TASK GOAL »
In the entries below, which lines run from the one with "hook driver x1" through the one with "2つの広告を読み比べて、写真の違いやレイアウトの違いについて話し合いました。"? Repeat exactly those, both included, and no pictures.

SUPPLIED RECORDS »
==========

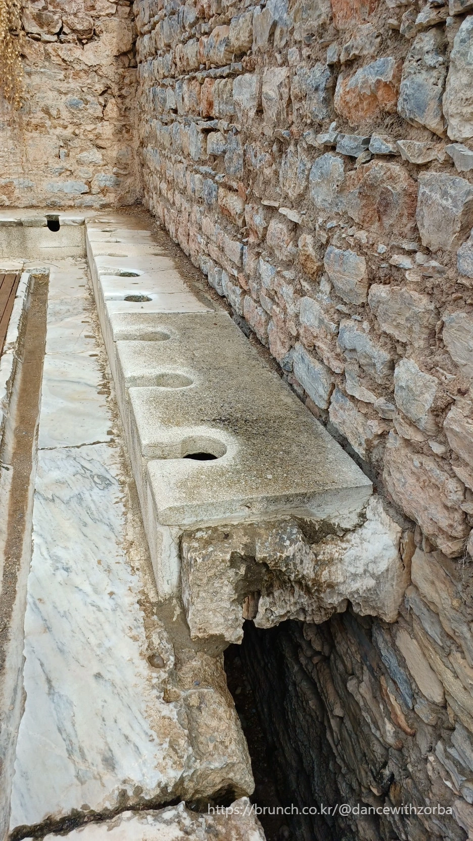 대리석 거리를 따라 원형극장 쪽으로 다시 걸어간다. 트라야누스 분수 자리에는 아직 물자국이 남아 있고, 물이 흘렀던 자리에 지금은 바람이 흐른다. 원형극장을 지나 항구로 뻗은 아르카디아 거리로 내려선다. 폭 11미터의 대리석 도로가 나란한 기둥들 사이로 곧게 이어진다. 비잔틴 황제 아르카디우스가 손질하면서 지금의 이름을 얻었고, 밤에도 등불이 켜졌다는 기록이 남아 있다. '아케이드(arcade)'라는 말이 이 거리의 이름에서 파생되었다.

==========

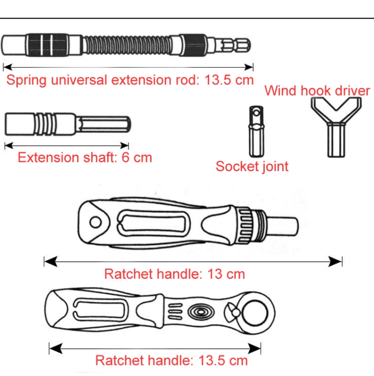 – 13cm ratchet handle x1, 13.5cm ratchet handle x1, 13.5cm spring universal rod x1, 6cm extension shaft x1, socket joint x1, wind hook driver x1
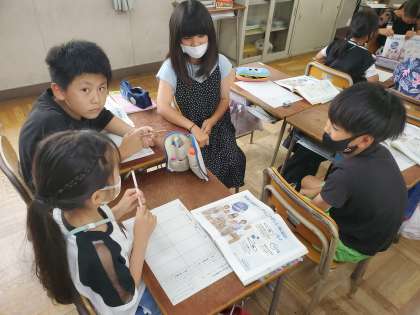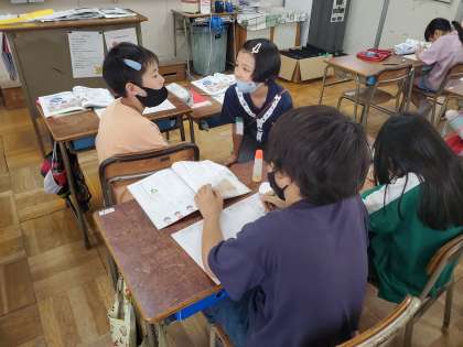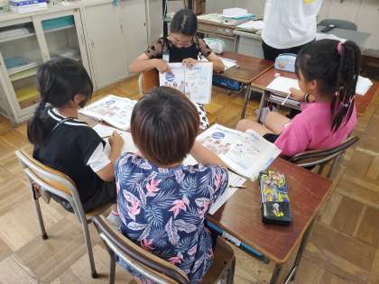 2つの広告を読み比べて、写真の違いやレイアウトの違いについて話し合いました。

==========

RESULT OF THE EXERCISE »
 – 13cm ratchet handle x1, 13.5cm ratchet handle x1, 13.5cm spring universal rod x1, 6cm extension shaft x1, socket joint x1, wind hook driver x1
 2つの広告を読み比べて、写真の違いやレイアウトの違いについて話し合いました。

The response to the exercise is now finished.